A response to the Catholic Church's apology

Looking at some of the changes in adoption over recent decades and remembering the pain behind every adoption story.

We hope that these thoughts will enable you to helpfully, and sensitively, draw a distinction between the heart-breaking stories we’ve heard, and the urgent need for more adopters today – which is also heart-breaking.

 We welcome the apology made by the Catholic church of England and Wales this week. As I listened to the stories of how so many young women had been treated and how they were forced to relinquish their babies, I was saddened and angered.

 We are pleased that adoption in the UK has changed significantly over the last few decades. The decision made by the state to place a child for adoption isn’t taken lightly and is made only when adoption is believed to be in the best interests of the child. There is a thorough process, with many safeguards in place, to ensure all the options are explored. But we believe more needs to be done to support families whose children are taken into care.

 In contrast to the 16,000 babies born to unmarried mothers in 1968 who were placed for adoption, last year 2,940 looked after children were placed for adoption (4 % of children in the looked after system). More than 60% of these children had experienced neglect. Many of these children were over four years old, part of sibling groups, from minority ethnic backgrounds or had additional needs. It’s children like these who wait the longest to be adopted and it’s for these children that Home for Good exists.

 Jan Fishwick, CEO of PACT – one of the adoption agencies that make up Home for Good’s ‘Pathway to Adoption’ says, “In welcoming this apology, we must also be mindful of the significant progress made in national care legislation that requires statutory multi-agency checks and balances to be in place before a child is removed from his or her birth parents. Adoption, as the best permanence option for any child in this sad and desperate situation, remains an important governmental activity today requiring more ordinary people to step forward and become extraordinary adopters.”

We must not forget the pain that still accompanies adoption today. The pain carried by many children being placed for adoption as a result of their turbulent past. The pain of birth families of having a child removed – not just of parents, but also the pain of grandparents, aunts and uncles, and other members of the extended family.

As churches across the UK hear about the 35,000 children who enter the care system each year, we need to remember that although each of these 35,000 stories are different, all of them are painful. Each story contains painful decisions that carry the weight of hurt, disappointment and loss. For the child, for the birth family, for the social workers, for the courts, for the carers. There are no easy adoption decisions. But let’s not forget the children who are able to return home or are cared for by their extended family.

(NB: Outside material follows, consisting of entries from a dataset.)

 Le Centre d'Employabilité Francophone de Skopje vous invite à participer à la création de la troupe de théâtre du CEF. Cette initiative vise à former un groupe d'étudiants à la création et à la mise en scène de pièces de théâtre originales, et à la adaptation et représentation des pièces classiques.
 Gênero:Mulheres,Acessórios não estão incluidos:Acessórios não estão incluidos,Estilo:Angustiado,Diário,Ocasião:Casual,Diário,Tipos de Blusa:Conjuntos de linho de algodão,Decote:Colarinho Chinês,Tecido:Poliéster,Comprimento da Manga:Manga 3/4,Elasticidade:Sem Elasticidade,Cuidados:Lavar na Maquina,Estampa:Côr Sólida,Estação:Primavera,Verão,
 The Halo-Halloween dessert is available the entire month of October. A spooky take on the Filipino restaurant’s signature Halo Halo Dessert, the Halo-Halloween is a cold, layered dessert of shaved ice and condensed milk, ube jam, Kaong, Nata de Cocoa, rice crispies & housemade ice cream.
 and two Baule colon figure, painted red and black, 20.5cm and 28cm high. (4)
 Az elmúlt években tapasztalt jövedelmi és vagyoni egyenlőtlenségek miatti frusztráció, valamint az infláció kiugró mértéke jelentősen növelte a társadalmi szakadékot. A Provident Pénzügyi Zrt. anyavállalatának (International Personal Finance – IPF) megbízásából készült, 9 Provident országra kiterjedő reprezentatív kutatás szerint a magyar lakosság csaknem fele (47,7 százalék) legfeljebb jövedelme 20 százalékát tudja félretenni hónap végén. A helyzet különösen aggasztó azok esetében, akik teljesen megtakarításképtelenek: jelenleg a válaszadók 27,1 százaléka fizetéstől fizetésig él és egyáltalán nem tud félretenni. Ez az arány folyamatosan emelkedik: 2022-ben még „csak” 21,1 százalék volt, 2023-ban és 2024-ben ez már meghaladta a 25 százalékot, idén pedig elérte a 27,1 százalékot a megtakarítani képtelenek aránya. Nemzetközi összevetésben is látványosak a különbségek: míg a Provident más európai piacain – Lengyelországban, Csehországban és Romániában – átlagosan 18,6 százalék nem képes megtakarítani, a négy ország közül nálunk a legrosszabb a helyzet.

Adoption Sunday is a day to stand with and show our support of those in our communities who open their hearts and their homes to provide permanence, love, safety, and nurture to vulnerable children. Adoption Sunday is also an opportunity for Christians to celebrate our adoption into God’s family, and it’s a day to pray for and remember the complexities, needs, and hurts faced by every child, family and professional involved in the care system today.

Churches are not involved in decisions regarding whether a child should be placed for adoption, but we believe they do have an important role to play in responding to the need that currently exists – to find homes for children waiting the longest for adoption. As many in society focus on the Church’s negative association with adoption in the past, let’s ensure the future is positive; a community of people who provide loving and safe homes for society’s most vulnerable children.

Romans 12:15 tells us, ‘Rejoice with those who rejoice; mourn with those who mourn.’ The body of Christ is called to celebrate with people who are celebrating and to cry with people who are crying. For those involved in the story of any adoption, these emotions and expressions are held in tension; rejoicing that the child is being welcomed into a loving home where they are chosen and can belong, celebrating the addition to the family, whilst at the same time knowing the pain of their background, the possible grief of the birth family, the long-lasting implications for the child and birth family in no longer being together.

 There are approximately 4,000 children who are waiting for adoption. Children over four years old, sibling groups, children from ethnic minority backgrounds and children with disabilities wait longer. We believe that Christians can make a difference in the lives of these children who are waiting by considering adopting.

 There are social workers who are faced with painfully difficult decisions about the welfare of children every day. Could you thank them for the work they do and could you pray for them?

 There are almost certainly birth families in your community who are struggling to care for their children and need support. Could you offer them support? There may be families in your community who have had their children taken into care. Could you offer them support?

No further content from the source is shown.